みんな尊重すべきプライベートがあり、本人やチームの業務に支障がなければ、タイムカードのような非人間的な管理はされません。
②キャリア開発をみんな考えている
GAFAMの人材も流動的で3~5年で退職する人も少なくありません。
退職する理由は、会社や上司とウマが合わないからではありません。
ほとんど全ての社員がキャリアアップをそれぞれ考えており、会社もそれを促進させようとしています。
GAFAMで働く社員は、社会人においての自己実現のために、今の会社を選び、ステップアップのために社内・社外のポジションを常に探しています。
自分のやりたいことと、会社やその役職が求めている方向性がマッチしたほうが、会社から一方的に役職を与えるよりもはるかに高いパフォーマンスを発揮するからです。

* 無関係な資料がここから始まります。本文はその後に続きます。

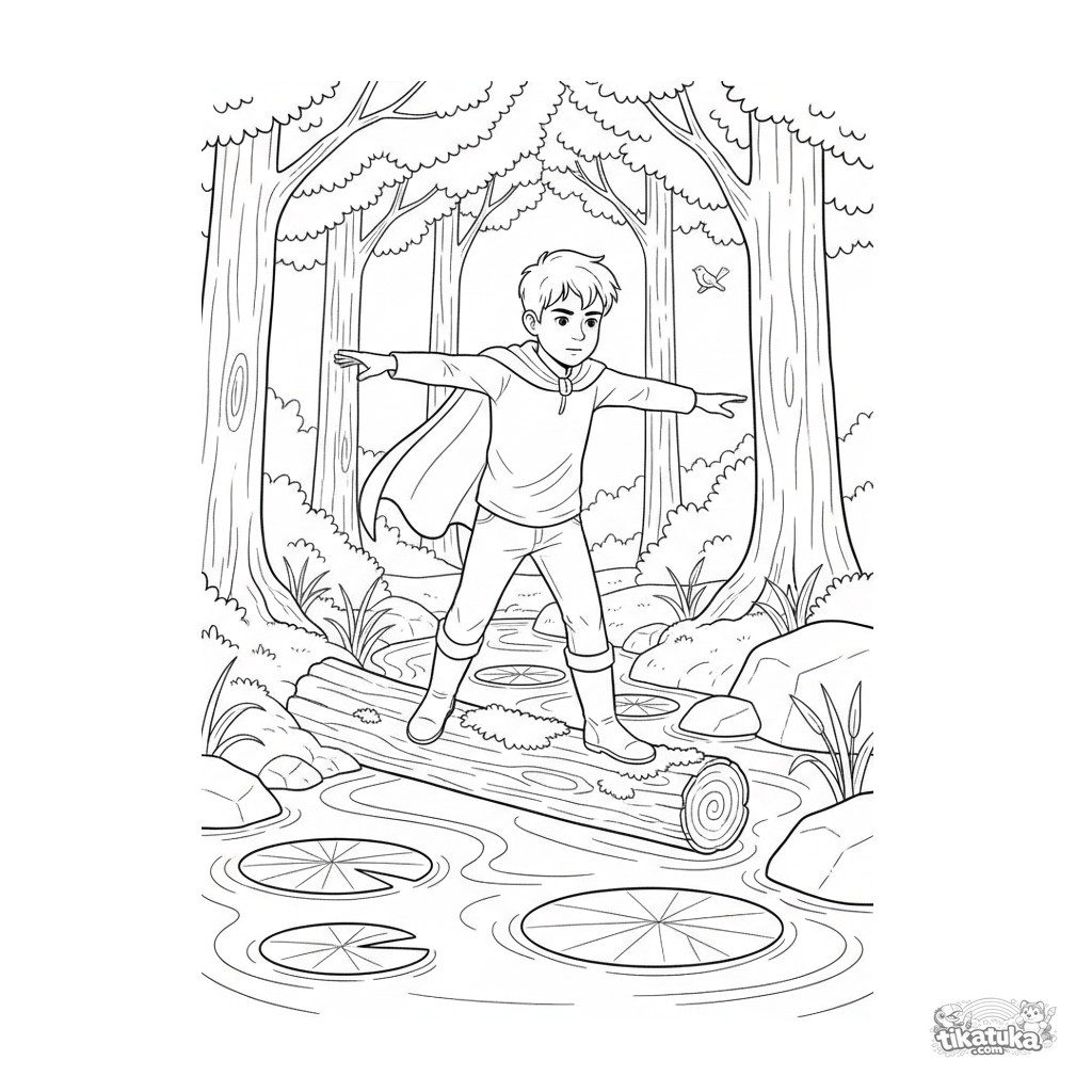 Раскраска для детей 4-6 лет: мальчик в плаще балансирует на скользком бревне над лесным ручьём. Реалистичный стиль с умеренной детализацией, понятные формы.

これは一般職員からCEO幹部や上級役職でも一緒です。
人材の回転率は高いですが、会社を辞める理由がポジティブですね。
会社では、定期的に上司と部下が、部下のキャリア開発のために何ができるか、今どうか、といったことが話し合われます。
その役職で任されている職務や責任に加えて、従業員本位のやりたいことを会社としてどう実現させることができるのか、という視点が大事にされています。
給料はPerformance, Process, Presentationで決まる
では、従業員の成果や給料はどう評価されるのでしょうか?
①結果も努力も評価される
競争と変化の激しいテック企業も従来は典型的な成果主義でした。
ところが、2019年頃から、新しい人事評価の流れがでてきました。
どうすれば社員の能力を最大限活かすことができるのか、研究機関と企業が従業員のモチベーションについて研究・実験した結果、成果よりも努力を評価されるほうが、人はうれしいと感じるということがわかりました。
そこで、従来の目標や会社に対してどれだけ成果を上げたかという点だけではなく、どのように結果を出したが、だれとどのように協力したかなど、その軌跡も評価する傾向にあります。
②会社にどのように貢献したか説明せよ
成果と努力が評価される流れにはなってきていますが、それでも成果というのは主要な評価指標です。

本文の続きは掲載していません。